The columns in TiDB with 'auto-increment' attribute will cache batch values by default in each instance to ensure better performance, which means auto-increment only guarantees the uniqueness under a multi-tidb-node cluster. This kind of cache mode is uncontrollable and implicit in auto-increment.
But in sequence, we take it open. Users can specify whether to use cache mode or not, what the cache size should be, what's the min and max of the range like and so on.
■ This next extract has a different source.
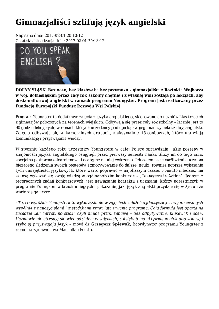 Gimnazjaliści szlifują język angielski Napisano dnia: 2017-02-01 20:13:12 Ostatnia aktualizacja dnia: 2017-02-01 20:13:12 DOLNY ŚLĄSK. Bez ocen, bez klasówek i bez przymusu – gimnazjaliści z Roztoki i Wojborza w woj. dolnośląskim przez cały rok szkolny chętnie i z własnej woli zostają po lekcjach, aby doskonalić swój angielski w ramach programu Youngster. Program jest realizowany przez Fundację Europejski Fundusz Rozwoju Wsi Polskiej. Program Youngster to dodatkowe zajęcia z języka angielskiego, skierowane do uczniów klas trzecich z gimnazjów położonych na terenach wiejskich. Odbywają się przez cały rok szkolny – łącznie jest to 90 godzin lekcyjnych, w ramach których uczestnicy pod opieką swojego nauczyciela szlifują angielski. Zajęcia odbywają się w kameralnych grupach, maksymalnie 15-osobowych, które ułatwiają komunikację i przyswajanie wiedzy. W styczniu każdego roku uczestnicy Youngstera w całej Polsce sprawdzają, jakie postępy w znajomości języka angielskiego osiągnęli przez pierwszy semestr nauki. Służy im do tego m.in. specjalna platforma e-learnignowa i dostępne na niej ćwiczenia. Ich celem jest umożliwienie uczniom bieżącego śledzenia swoich postępów i zmotywowanie do dalszej nauki, również poprzez wskazanie tych umiejętności językowych, które warto poprawić w najbliższym czasie. Ponadto młodzież ma szansę wykazać się swoją wiedzą w ogólnopolskim konkursie – „Teenagers in Action”. Jednym z tegorocznych zadań konkursowych, jest nawiązanie kontaktu z uczniami, którzy uczestniczyli w programie Youngster w latach ubiegłych i pokazanie, jak język angielski przydaje się w życiu i że warto się go uczyć. - To, co wyróżnia Youngstera to wykorzystanie w zajęciach założeń dydaktycznych, wypracowanych wspólnie z nauczycielami i metodykami przez lata trwania programu. Cała formuła jest oparta na zasadzie „all carrot, no stick” czyli nauce przez zabawę – bez odpytywania, klasówek i ocen. Uczniowie nie stresują się więc udziałem w zajęciach, a dzięki temu aktywnie w nich uczestniczą i szybciej przyswajają język – mówi dr Grzegorz Śpiewak, koordynator programu Youngster z ramienia wydawnictwa Macmillan Polska. Jakie są efekty programu? Młodzież znacząco poprawia swoje kompetencje językowe, co skutkuje wyższymi wynikami na egzaminie gimnazjalnym z języka angielskiego. Uzyskane dobre rezultaty wpływają z kolei na wzrost poczucia własnej wartości i pewności siebie, rzutując niejednokrotnie na ich decyzje dotyczące dalszej edukacji oraz w dłuższej perspektywie zmiany ich postaw życiowych. - Głównym założeniem programu Youngster jest umożliwienie uczniom z obszarów wiejskich rozwoju umiejętności językowych, które wpływają na osiągane przez nich wyniki w kolejnych etapach edukacji. Dzięki temu zyskują szersze perspektywy podczas wyboru ścieżki kariery zawodowej i pewniejszym krokiem wkraczają w dorosłe życie. Takie efekty obserwujemy już wśród uczestników poprzednich edycji programu, którzy język angielski z powodzeniem wykorzystuj, np. podczas studiów na zagranicznych uczelniach – mówi Krzysztof Podhajski, prezes zarządu Fundacji Europejski Fundusz Rozwoju Wsi Polskiej. W tym roku szkolnym realizowana jest X edycja Programu Youngster. Do tej pory skorzystało z niego ponad 28 tysięcy uczniów z ponad 360 gimnazjów wiejskich z całej Polski. Beneficjentami programu było także prawie 400 nauczycieli objętych kompleksowym wsparciem merytorycznym, w tym m.in. szkoleniami metodycznymi. Gmina Dobromierz Kłodzko Nazwa szkoły Gimnazjum Gminne w Zespole Szkół im. H. Sienkiewicza w Roztoce Gimnazjum Publiczne w Zespole Szkół w Wojborzu Miejscowość gimnazjum Roztoka Wojbórz *** YOUNGSTER to ogólnopolski program wyrównywania szans edukacyjnych młodzieży wiejskiej poprzez dodatkowe zajęcia z języka angielskiego. Zajęcia uczniów trzecich klas gimnazjum prowadzone są w oparciu o nowatorską koncepcję nauczania opracowaną przez wydawnictwo Macmillan. Fundacja Europejski Fundusz Rozwoju Wsi Polskiej jest organizacją pozarządową, działającą na rzecz rozwoju polskiej wsi. Od ponad 25 lat pomaga zmieniać jej wizerunek oraz aktywnie wspiera rozwój społeczno-gospodarczy lokalnych społeczności na terenach wiejskich. Działania EFRWP skupiają się przede wszystkim na wsparciu inwestycji z zakresu infrastruktury technicznej, rozwoju lokalnych przedsiębiorstw oraz działaniach edukacyjnych i społecznych skierowanych do osób zamieszkujących obszary wiejskie. MACMILLAN POLSKA jest częścią jednej z największych grup wydawniczych na świecie. GRUPA MACMILLAN jest obecna na światowym rynku wydawniczym od ponad 150 lat. (abc)

This factors make sequence more flexible, controllable and easy to use.
Create sequence statement:
CREATE SEQUENCE [IF NOT EXISTS] sequence_name
[ INCREMENT [ BY | = ] increment ]
[ MINVALUE [=] minvalue | NO MINVALUE | NOMINVALUE ]
[ MAXVALUE [=] maxvalue | NO MAXVALUE | NOMAXVALUE ]
[ START [ WITH | = ] start ]
[ CACHE [=] cache | NOCACHE | NO CACHE ]
[ CYCLE | NOCYCLE | NO CYCLE]
Show create sequence statement:
SHOW CREATE SEQUENCE sequence_name
Drop sequence statement:
DROP SEQUENCE [IF EXISTS] sequence_name_list
Get the next value of sequence:
NEXT VALUE FOR sequence_name / NEXTVAL(sequence_name)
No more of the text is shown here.